§ **Problem requirements**:
Lines from the first one down to the one containing "a serene landscape" in the data below are the only ones needed; please return them exactly, both ends included.

===== Data supplied

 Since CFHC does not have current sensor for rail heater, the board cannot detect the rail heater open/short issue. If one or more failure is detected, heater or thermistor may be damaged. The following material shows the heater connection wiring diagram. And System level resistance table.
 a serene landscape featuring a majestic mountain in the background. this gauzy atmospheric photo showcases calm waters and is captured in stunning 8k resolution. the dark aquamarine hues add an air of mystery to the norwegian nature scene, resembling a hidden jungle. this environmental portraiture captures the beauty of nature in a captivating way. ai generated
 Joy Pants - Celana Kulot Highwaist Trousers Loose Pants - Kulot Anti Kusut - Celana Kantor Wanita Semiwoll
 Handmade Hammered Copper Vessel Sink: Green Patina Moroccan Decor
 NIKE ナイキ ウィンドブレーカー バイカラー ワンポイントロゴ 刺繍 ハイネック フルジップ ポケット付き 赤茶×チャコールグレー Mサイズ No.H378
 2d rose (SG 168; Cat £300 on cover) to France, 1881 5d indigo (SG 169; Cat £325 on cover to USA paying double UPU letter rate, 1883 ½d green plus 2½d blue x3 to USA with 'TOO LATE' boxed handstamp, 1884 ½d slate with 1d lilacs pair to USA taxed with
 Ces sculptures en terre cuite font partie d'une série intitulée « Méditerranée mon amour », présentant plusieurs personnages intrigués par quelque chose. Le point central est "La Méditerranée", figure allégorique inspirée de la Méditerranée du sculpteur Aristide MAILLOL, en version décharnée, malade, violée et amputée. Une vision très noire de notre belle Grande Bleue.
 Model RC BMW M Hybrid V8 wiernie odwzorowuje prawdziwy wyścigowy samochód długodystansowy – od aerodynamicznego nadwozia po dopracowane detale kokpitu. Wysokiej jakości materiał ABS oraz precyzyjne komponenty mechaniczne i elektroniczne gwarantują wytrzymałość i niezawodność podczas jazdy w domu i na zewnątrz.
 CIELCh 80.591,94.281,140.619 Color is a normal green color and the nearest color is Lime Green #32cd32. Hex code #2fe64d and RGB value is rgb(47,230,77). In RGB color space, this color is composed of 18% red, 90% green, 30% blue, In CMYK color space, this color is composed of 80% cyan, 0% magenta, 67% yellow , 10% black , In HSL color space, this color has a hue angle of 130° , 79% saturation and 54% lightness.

==========

§ **Task answer**:
 Since CFHC does not have current sensor for rail heater, the board cannot detect the rail heater open/short issue. If one or more failure is detected, heater or thermistor may be damaged. The following material shows the heater connection wiring diagram. And System level resistance table.
 a serene landscape featuring a majestic mountain in the background. this gauzy atmospheric photo showcases calm waters and is captured in stunning 8k resolution. the dark aquamarine hues add an air of mystery to the norwegian nature scene, resembling a hidden jungle. this environmental portraiture captures the beauty of nature in a captivating way. ai generated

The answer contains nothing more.